**DATA PROVIDED**
--

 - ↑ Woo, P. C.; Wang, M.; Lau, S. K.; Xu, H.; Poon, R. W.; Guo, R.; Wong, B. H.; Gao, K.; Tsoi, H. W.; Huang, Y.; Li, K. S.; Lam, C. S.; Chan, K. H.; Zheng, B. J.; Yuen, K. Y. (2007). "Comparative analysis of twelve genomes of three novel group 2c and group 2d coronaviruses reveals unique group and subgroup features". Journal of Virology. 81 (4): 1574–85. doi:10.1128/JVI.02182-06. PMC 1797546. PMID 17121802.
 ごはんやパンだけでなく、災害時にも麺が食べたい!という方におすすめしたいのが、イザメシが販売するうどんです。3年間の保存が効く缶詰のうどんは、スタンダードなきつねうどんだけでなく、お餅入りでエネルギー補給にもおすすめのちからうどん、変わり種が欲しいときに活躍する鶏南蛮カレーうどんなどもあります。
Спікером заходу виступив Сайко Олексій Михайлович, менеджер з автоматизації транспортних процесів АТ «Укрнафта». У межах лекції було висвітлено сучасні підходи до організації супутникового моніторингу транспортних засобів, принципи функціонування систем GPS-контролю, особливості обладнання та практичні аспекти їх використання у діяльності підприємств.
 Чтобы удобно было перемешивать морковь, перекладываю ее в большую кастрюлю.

--

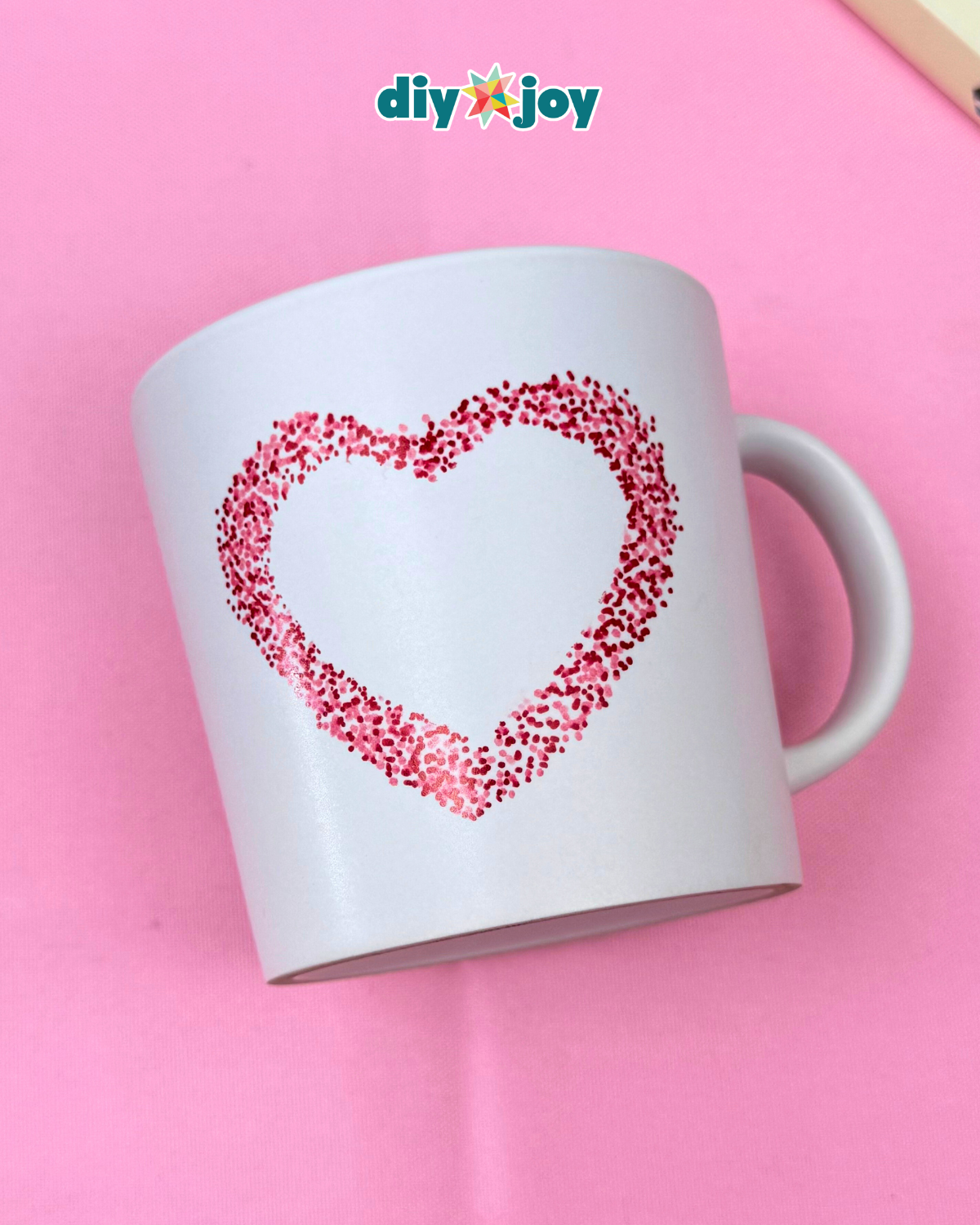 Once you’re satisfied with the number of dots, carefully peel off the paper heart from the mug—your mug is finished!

--

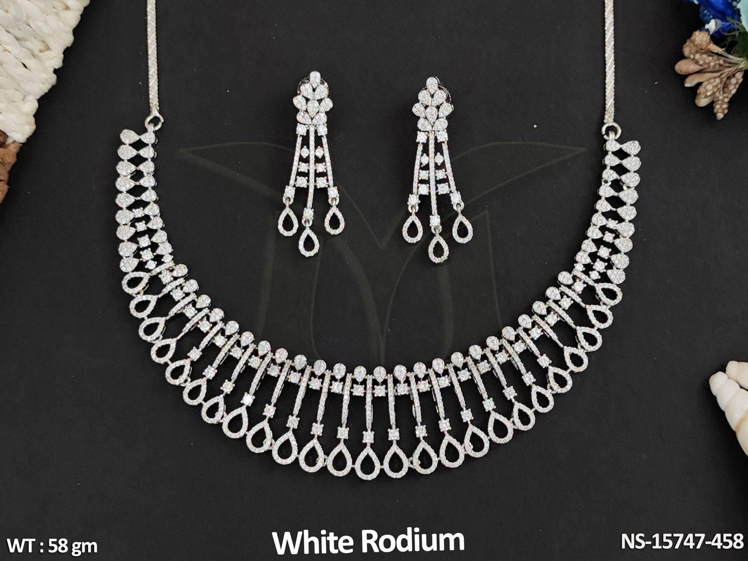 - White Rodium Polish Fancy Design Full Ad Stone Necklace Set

--

**EXERCISE**
Output the lines above exactly, but only those between the line holding "- ↑ Woo, P. C.;" and the line holding "Чтобы удобно было", inclusive.

**ANSWER TO THE PROBLEM**
 - ↑ Woo, P. C.; Wang, M.; Lau, S. K.; Xu, H.; Poon, R. W.; Guo, R.; Wong, B. H.; Gao, K.; Tsoi, H. W.; Huang, Y.; Li, K. S.; Lam, C. S.; Chan, K. H.; Zheng, B. J.; Yuen, K. Y. (2007). "Comparative analysis of twelve genomes of three novel group 2c and group 2d coronaviruses reveals unique group and subgroup features". Journal of Virology. 81 (4): 1574–85. doi:10.1128/JVI.02182-06. PMC 1797546. PMID 17121802.
 ごはんやパンだけでなく、災害時にも麺が食べたい!という方におすすめしたいのが、イザメシが販売するうどんです。3年間の保存が効く缶詰のうどんは、スタンダードなきつねうどんだけでなく、お餅入りでエネルギー補給にもおすすめのちからうどん、変わり種が欲しいときに活躍する鶏南蛮カレーうどんなどもあります。
Спікером заходу виступив Сайко Олексій Михайлович, менеджер з автоматизації транспортних процесів АТ «Укрнафта». У межах лекції було висвітлено сучасні підходи до організації супутникового моніторингу транспортних засобів, принципи функціонування систем GPS-контролю, особливості обладнання та практичні аспекти їх використання у діяльності підприємств.
 Чтобы удобно было перемешивать морковь, перекладываю ее в большую кастрюлю.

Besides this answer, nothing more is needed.